Monday, July 17, 2006

Your Cap Rate

I did a check at LoopNet late last week to see what commercial properties are available in my area. In my search, I uncovered a 24-unit apartment complex for sale for $1,250,000. They had a proforma sheet that listed the following:

Total Annual Income ............... $179,222.00
Total Annual Operating Expenses ... $76,299.00
Net Operating Income .............. $102,923.00
Offering Price .................... $1,250,000.00
Cap Rate .......................... 8.23%

For those unfamiliar with cap rates, it's just the "Net Operating Income" divided by the price. Cap rates are another tool investors use to determine a property's worth. The higher the percentage, the better. I've heard that one should really look for properties that have a 10% (or higher) cap rate, but that doesn't mean to say that those below 10% are all bad, either. It's just another tool to use in your due diligence.

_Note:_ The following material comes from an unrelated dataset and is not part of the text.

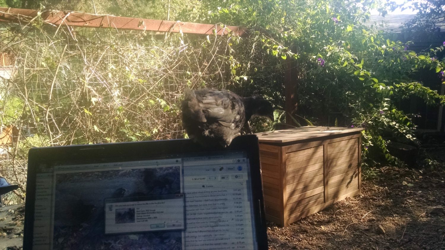 We had rain yesterday also .. actually, quite a big storm. I had to race outside and airlift the Jelly Beans and Tina off the ground and into their coop before the storm hit. Luckily Tina seemed to know something was coming and she stayed in the nest box with them. I was a little concerned that because it was not actually raining at that time, she would just wander back out again. Luckily I did not leave them to hide under the coop; when the storm had passed there were little swimming pools in the holes Tina had dug during scratching lessons, definitely deep enough for a chick to drown in.

I also did some reading in several commercial message boards and through several free commercial investing articles, written by some of the leading people in the commerical investment business. One article in particular caught my attention. It was written by Ray Alcorn, who moderates the commerical message board at CREOnline.com. The article (called "What's it Worth? Deriving Your Capitalization Rate") outlines a different way to calculate the cap rate using YOUR specific criteria. Basically, the steps are as follows:
  1. Determine the true NOI (Net Operating Income). The proforma, and other supporting documentation, is nice, but you should always double-check the numbers yourself to ensure you have the true NOI.
  2. Determine your financing for the property. How much will your loan(s) be and at what rate and terms? How much do you plan to put down? And so on.
  3. Determine the rate of return you wish to make on your investment: 10%, 20%, 30%, more?
  4. Calculate YOUR cap rate.
  5. Determine YOUR offer price.
Here's an example using the proforma sheet from the apartment complex above, and hypothetical data for the rest of the calculation. After doing my research, I find the figures in the proforma are accurate - i.e., the NOI is $102,923. Suppose I can only put down 10% for the purchase of the property. I can get an 80% loan @8% for 20 years, and a second 10% loan @13% for 20 years. For the 10% downpayment, I want a 20% rate of return. Using Ray Alcorn's formula, I can then arrive at a cap rate:

Cap Rate = (LTV Debt ratio * mortgage constant) +
(LTV equity ratio * equity constant)

Since I will have two loans, my will include an additional LTV calculation. I'll need to figure the "mortgage constant" for both loans before anything else. Ray says this is done by dividiing the monthly payment of the loan by the debt service itself. Since the figure is constant, it doesn't matter what the debt service amount (and, consequently, the monthly payments) are, just as long as the interest rate and term stays the same. For the 1st loan, we can use a debt service of $10,000. The mortgage constant would be:

$10,000 @8% for 20 years
mortgage constant = monthly payment / debt service
mortgage constant = $83.64 / $10,000.00
mortgage constant = 0.083644

For the second loan, the mortgage constant would be:

$10,000 @13% for 20 years
mortgage constant = monthly payment / debt service
mortgage constant = $117.16 / $10,000.00
mortgage constant = 0.011716
Now we have all the information we need to arrive at OUR cap rate:

Cap Rate = (LTV Debt ratio1 * mortgage constant1) +
(LTV Debt ratio2 * mortgage constant2) +
(Equity ratio * equity constant)
Cap Rate = (0.8 * 0.083644) + (0.1 * 0.011716) + (0.1 * 0.2)
Cap Rate = 0.0669152 + 0.0011716 + 0.02
Cap Rate = 0.0880868 (or 8.81%)

Now that we gotten OUR cap rate, we can arrive at a purchase price:

Purchase Price = NOI / Our Cap Rate
Purchase Price = $102,923 / 8.81%
Purchase Price = $1,168,427

Therefore, an offer price of $1,168,427 would fit more inline with our objectives and financing. But again, Ray stresses that this is just a figure to use to aid you in your decision, and not a figure you should use to base your decision on entirely. HTH!